WHAT YOU SHOULD DO -
Using the data below, return the stretch from the line that contains "While NLP models" through the line that contains "Цель мероприятия —", both included, exactly as it stands and nothing beyond it.

SUPPLIED DATA -
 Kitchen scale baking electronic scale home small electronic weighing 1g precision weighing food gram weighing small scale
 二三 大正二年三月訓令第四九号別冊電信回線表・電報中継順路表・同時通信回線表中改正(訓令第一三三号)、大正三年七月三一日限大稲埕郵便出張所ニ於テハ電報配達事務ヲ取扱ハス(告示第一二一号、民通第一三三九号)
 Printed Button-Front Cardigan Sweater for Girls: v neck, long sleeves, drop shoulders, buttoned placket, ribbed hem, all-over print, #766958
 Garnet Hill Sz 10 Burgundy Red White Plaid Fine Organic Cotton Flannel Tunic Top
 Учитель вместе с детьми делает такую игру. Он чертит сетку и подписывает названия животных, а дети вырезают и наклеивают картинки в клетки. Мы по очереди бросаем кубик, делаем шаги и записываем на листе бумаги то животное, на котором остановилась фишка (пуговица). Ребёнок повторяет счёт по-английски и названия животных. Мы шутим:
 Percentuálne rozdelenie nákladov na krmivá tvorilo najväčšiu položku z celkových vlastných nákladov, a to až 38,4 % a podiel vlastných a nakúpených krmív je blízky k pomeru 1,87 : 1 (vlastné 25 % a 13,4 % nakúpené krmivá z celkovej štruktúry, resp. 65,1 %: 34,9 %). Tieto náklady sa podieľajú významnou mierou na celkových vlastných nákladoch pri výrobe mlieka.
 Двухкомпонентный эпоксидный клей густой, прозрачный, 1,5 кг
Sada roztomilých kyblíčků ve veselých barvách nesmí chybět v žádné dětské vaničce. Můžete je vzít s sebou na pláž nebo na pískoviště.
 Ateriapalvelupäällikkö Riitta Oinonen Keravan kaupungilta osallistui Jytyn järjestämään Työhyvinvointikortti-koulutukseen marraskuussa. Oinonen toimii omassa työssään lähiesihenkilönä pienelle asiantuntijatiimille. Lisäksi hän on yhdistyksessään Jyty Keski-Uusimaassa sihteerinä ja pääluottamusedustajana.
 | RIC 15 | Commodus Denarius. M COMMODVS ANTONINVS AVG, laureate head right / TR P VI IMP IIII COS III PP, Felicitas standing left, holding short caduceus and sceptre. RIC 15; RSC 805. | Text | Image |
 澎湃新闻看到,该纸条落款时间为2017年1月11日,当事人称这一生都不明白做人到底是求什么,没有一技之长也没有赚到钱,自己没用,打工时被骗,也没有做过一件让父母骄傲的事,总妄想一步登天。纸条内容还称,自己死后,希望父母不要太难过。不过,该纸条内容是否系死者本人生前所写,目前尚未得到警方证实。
==
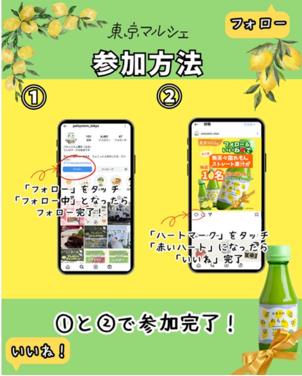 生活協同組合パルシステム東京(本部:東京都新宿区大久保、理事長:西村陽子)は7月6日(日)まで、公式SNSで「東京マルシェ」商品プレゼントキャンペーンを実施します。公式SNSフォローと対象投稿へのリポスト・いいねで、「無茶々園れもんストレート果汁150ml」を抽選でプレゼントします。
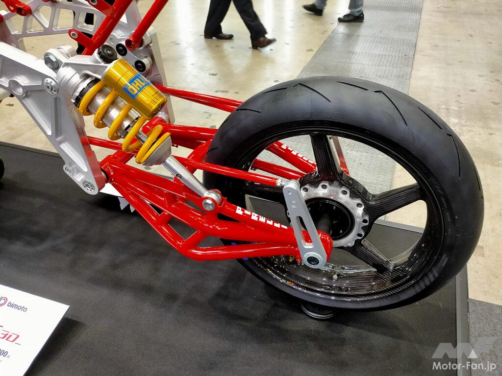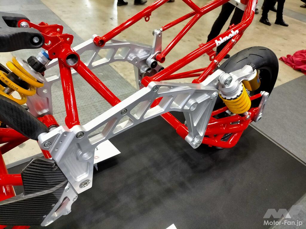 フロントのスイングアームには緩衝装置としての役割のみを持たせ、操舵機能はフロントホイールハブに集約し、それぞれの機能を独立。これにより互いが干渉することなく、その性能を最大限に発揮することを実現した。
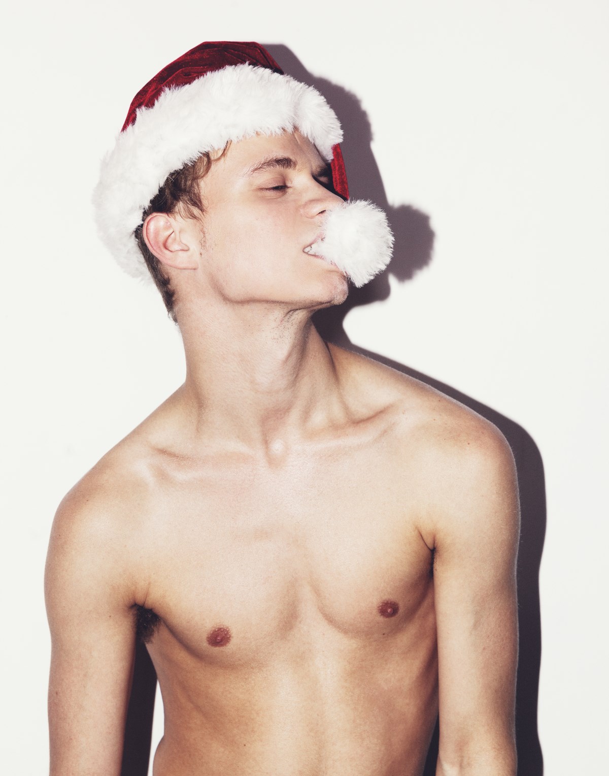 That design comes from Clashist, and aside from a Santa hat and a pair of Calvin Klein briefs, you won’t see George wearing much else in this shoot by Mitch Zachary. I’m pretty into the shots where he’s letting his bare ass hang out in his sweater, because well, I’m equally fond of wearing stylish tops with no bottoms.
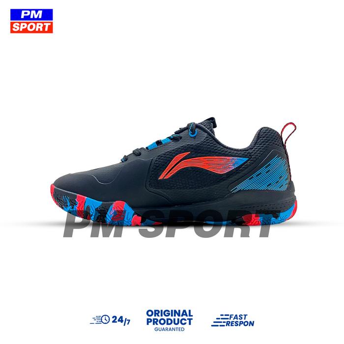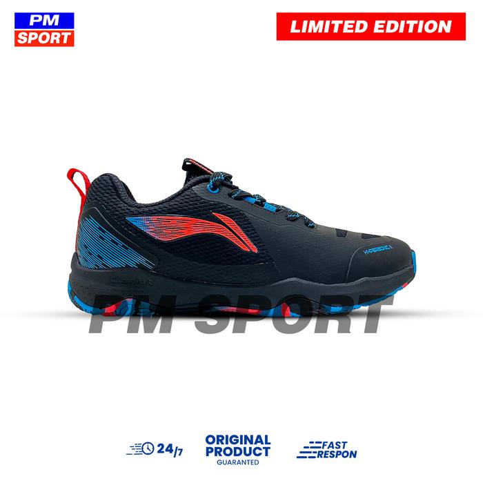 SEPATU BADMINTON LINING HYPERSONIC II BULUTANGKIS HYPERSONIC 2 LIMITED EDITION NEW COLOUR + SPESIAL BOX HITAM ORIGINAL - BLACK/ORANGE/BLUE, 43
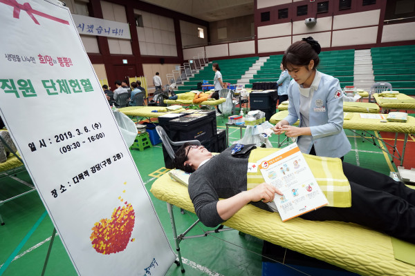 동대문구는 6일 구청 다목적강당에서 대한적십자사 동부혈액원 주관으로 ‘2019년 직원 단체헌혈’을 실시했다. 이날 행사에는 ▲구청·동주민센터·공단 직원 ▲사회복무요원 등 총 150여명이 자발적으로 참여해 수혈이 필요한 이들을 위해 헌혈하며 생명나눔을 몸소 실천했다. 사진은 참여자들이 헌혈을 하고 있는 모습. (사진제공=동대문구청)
* * *
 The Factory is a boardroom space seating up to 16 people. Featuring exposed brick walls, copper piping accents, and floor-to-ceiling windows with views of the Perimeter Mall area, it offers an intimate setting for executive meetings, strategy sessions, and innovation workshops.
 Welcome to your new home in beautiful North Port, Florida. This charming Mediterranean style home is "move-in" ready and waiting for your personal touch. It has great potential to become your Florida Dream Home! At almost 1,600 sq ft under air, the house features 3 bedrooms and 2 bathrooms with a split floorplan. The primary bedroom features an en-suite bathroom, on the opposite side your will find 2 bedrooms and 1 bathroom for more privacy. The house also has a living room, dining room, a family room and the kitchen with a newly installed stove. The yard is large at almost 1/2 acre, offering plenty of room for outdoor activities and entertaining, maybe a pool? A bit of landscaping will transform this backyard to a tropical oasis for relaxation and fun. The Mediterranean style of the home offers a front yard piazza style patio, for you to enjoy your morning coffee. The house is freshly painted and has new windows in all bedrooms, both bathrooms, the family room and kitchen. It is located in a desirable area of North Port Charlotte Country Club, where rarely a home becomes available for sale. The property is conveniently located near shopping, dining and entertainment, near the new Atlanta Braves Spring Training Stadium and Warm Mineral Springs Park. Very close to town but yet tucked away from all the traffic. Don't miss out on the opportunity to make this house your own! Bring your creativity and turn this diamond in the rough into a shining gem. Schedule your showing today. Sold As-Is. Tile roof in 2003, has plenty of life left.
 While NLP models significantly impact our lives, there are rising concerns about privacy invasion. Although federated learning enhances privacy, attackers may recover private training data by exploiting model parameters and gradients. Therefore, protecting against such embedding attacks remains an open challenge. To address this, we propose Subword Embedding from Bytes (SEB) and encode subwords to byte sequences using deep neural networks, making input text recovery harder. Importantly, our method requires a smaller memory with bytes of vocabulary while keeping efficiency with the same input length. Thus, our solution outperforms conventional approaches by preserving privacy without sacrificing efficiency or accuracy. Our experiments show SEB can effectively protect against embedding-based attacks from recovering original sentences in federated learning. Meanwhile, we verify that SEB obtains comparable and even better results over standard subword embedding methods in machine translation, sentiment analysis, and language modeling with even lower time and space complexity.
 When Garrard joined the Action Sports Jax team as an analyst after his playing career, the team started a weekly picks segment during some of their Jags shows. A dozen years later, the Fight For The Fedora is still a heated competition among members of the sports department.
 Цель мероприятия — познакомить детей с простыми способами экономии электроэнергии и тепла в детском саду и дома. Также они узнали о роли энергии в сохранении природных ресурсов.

OUTPUT FOR THIS TASK -
 While NLP models significantly impact our lives, there are rising concerns about privacy invasion. Although federated learning enhances privacy, attackers may recover private training data by exploiting model parameters and gradients. Therefore, protecting against such embedding attacks remains an open challenge. To address this, we propose Subword Embedding from Bytes (SEB) and encode subwords to byte sequences using deep neural networks, making input text recovery harder. Importantly, our method requires a smaller memory with bytes of vocabulary while keeping efficiency with the same input length. Thus, our solution outperforms conventional approaches by preserving privacy without sacrificing efficiency or accuracy. Our experiments show SEB can effectively protect against embedding-based attacks from recovering original sentences in federated learning. Meanwhile, we verify that SEB obtains comparable and even better results over standard subword embedding methods in machine translation, sentiment analysis, and language modeling with even lower time and space complexity.
 When Garrard joined the Action Sports Jax team as an analyst after his playing career, the team started a weekly picks segment during some of their Jags shows. A dozen years later, the Fight For The Fedora is still a heated competition among members of the sports department.
 Цель мероприятия — познакомить детей с простыми способами экономии электроэнергии и тепла в детском саду и дома. Также они узнали о роли энергии в сохранении природных ресурсов.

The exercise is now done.